NO WRITER ATTRIBUTED

Unlike most of Harvard's annual events, Class Day has no number. Tomorrow's commencement will be No. 297. The Yale game next fall will be No. 65. But today's events, while unquestionably "traditional," belong to a tradition that was never established as such, and then kept track of, and numbered, from year to year.

Class Day, in other words, evolved. It crept into existence. It started creeping in 1707--more than 100 years before it came to be known as Class Day--when the Fellows of Harvard College "treated" the graduating class. Just what a "treat" is nobody seems to know, but it caused one Joseph Sewall to put in his diary that he "too much indulged vain proud thoughts."

As long as this sort of puritanism held pre-Commencement activities in check, nothing like a genuine, festive Class Day existed. But in 1834, some-where, somehow, iced punch came into the Yard, and within the next four years, Senior celebrations had become so bachannalian that President Quincy put a ban on dancing and drinking, thereby threatening to nip Class Day in the bud. But when the actual day arrived, the ladies, who according to some dim nineteenth century logic had previously gone away from the Yard in the afternoon when the real celebrating began, were allowed to remain. Something in the sight of the couples and the sound of the band made President Quincy reverse his field and exclaim "Music! Young men! Young ladies! No dancing! Take partners for a cotillion!" And the resulting festivities were repeated annually, and improved, and finally officially named Class Day in 1850.

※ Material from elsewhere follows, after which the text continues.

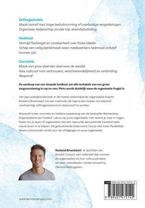 Zelforganisatie Maak komaf met trage besluitvorming of overbodige vergaderingen. Organiseer leiderschap zonder top-downbetutteling. Heelheid Vermijd faalangst en onzekerheid over frisse ideeën. Schep een veilig leerklimaat waar medewerkers helemaal zichzelf kunnen zijn. Cocreatie Maak van jouw doel een doel voor de wereld. Kies radicaal voor vertrouwen, verantwoordelijkheid en verbinding. Respond! De aankoop van een simpele koelkast zet alle tentakels van een grote zorgvoorziening in rep en roer. Plots wordt duidelijk waar de organisatie fragiel is. Vier jaar praktijkonderzoek in de meest uiteenlopende organisaties bracht Roeland Broeckaert tot een methode die teams kan helpen om blijvend veerkrachtig, zelforganiserend en responsief te worden. Respond! is een concrete en heldere toepassing van de bestseller Reinventing Organizations van Frederic Laloux op jouw organisatie. Het neemt je mee in negen fasen om je team of organisatie met een natuurlijk aanvoelende transformatie nieuw leven in te blazen. Dit geïllustreerde boek toont hoe je met meer flexibiliteit betere antwoorden vindt voor de uitdagingen in jouw organisatie.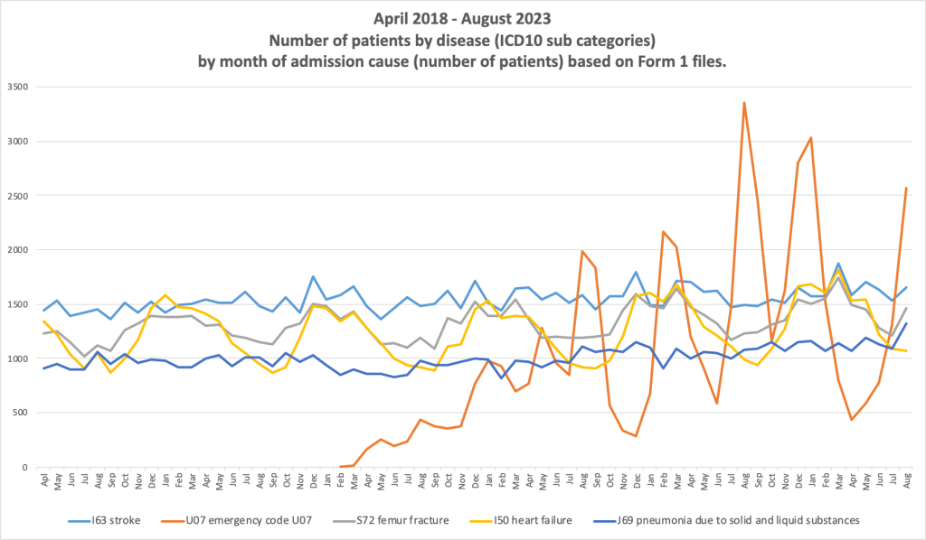 Since 2020, the number of hospitalized patients for U07 (Emergency Code U07 = COVID-19 related) has been sharply increasing, but no corresponding decrease has been observed in the hospitalization numbers for other top conditions such as cerebral infarction, femoral neck fracture, and heart failure.

Thus was formed the tradition that is to be continued today. It is a tradition that has become more and more refined since 1834, a process that seems to have followed President Lowell's general rule that "men removed by a few degrees above the savage state, as youths on the eve of graduating from our colleges often are, put up with course amusements only because no refined ones are offered in their stead." Today, for instance, there will be a baseball game instead of the nineteenth century's dance around the Liberty Tree, which involved holding hands and skipping about and jumping frantically to get hold of a piece of a wreath. This, surely, is progress. And in the nineteenth century President Lowell exulted "What a glorious object is a Senior on Class Day to a maiden of sixteen." Today, there will probably not be a girl under eighteen in Harvard Yard, and this, too, is progress. It is the sort of progress that can create confidence in the future of Harvard College and in the future--all the more unlimited because unnumbered--of the institution of Class Day.